Изменить стиль страницы

— Заткнись! А ты, Уорден, убирайся отсюда! Сейчас же! И чтобы здесь больше никогда не было твоей маленькой шлюшки! Я не хочу ее больше видеть, ты понял? Объясни ей это или я сам это сделаю, тогда уж она точно никого больше не соблазнит...

— Флёретта не...

— Мистер Уорден! — Хелен стала между мужчинами. — Пожалуйста, идите. Говард не знает, о чем говорит. Что касается Рубена... мы все здесь лучшего мнения о Флёретте. Возможно, дети обменялись парой поцелуев, но...

— Ты больше никогда не прикоснешься к Флёретте!

Джеральд попытался еще раз ударить Рубена, но остановился, увидев, как бессильно тот висел в руках Говарда.

— Он больше не прикоснется к ней, это уж я тебе обещаю. А теперь убирайся! Я разберусь с ним, Уорден, можешь на меня положиться!

Хелен уже не знала, хотела ли она действительно, чтобы Джеральд ушел. В голосе Говарда настолько отчетливо слышалась угроза, что она начала серьезно опасаться за Рубена. Еще до появления Джеральда Говард был невероятно зол. Ему пришлось самому загонять молодых баранов, так как, несмотря на все свои попытки починить изгородь, Хелен и Рубен не смогли удержать животных. К счастью, Говард успел загнать их в конюшню, прежде чем они снова успели убежать в горы. В любом случае эта дополнительная работа никак не могла улучшить его настроение. Когда Джеральд покинул их дом, Говард посмотрел на Рубена уничтожающим взглядом.

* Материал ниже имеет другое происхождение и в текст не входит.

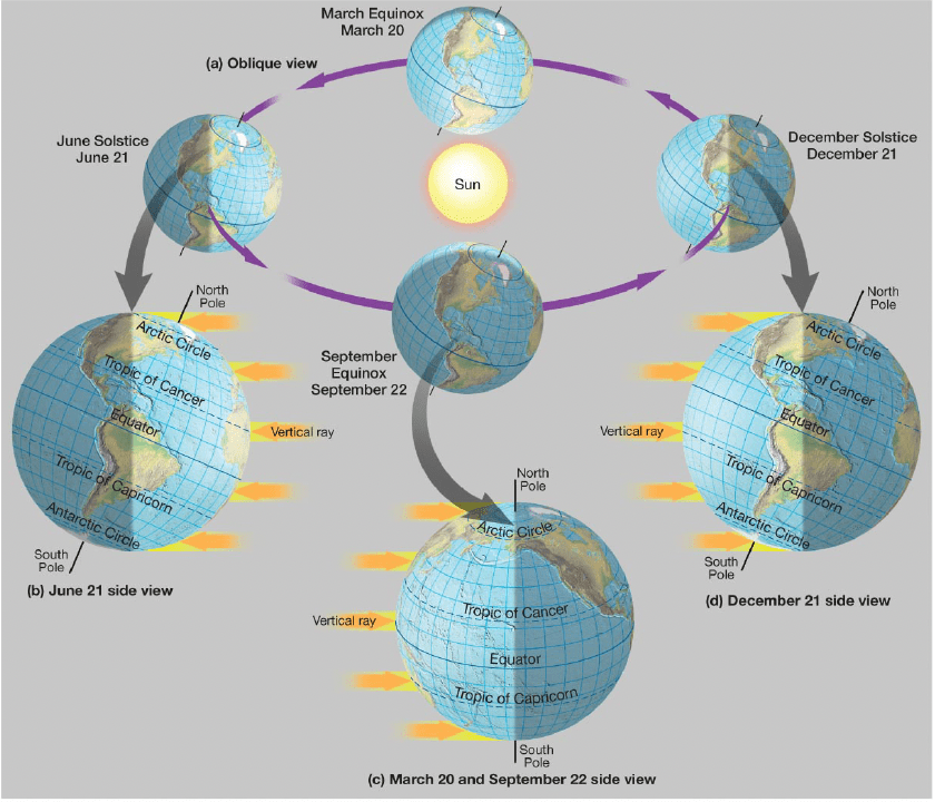 On December 21st, the Sun’s rays shine more directly on the southern Hemisphere and the “effective equator” is the Tropic of Capricorn at 23.5 degrees S – hence this is the height of southern Hemisphere summer. On June 21st, the Sun’s direct rays shine more directly on the northern Hemisphere and the “effective equator” is the Tropic of Cancer at 23.5 degrees N – hence this is the height of northern Hemisphere summer.

— Значит, ты встречаешься с наследницей Уордена, — злобно прошипел он. — И по-прежнему строишь большие планы на будущее, не так ли? Я как раз встретил в пабе мальчишку из деревни маори, который работает на Гринвуда. Он меня поздравил с тем, что тебя приняли в университет в Данидине! На юридический факультет! И кто же тебе будет оплачивать учебу? Дядюшка Джордж? Но сейчас я из тебя всю эту дурь выбью! Считай хорошенько, Рубен О’Киф, этому тебя научили! И насчет права — как там говорят? — око за око, зуб за зуб? Сейчас мы тебя научим праву! Это тебе за овец!

Он нанес Рубену удар.

— А это за девчонку! — Еще один удар правой.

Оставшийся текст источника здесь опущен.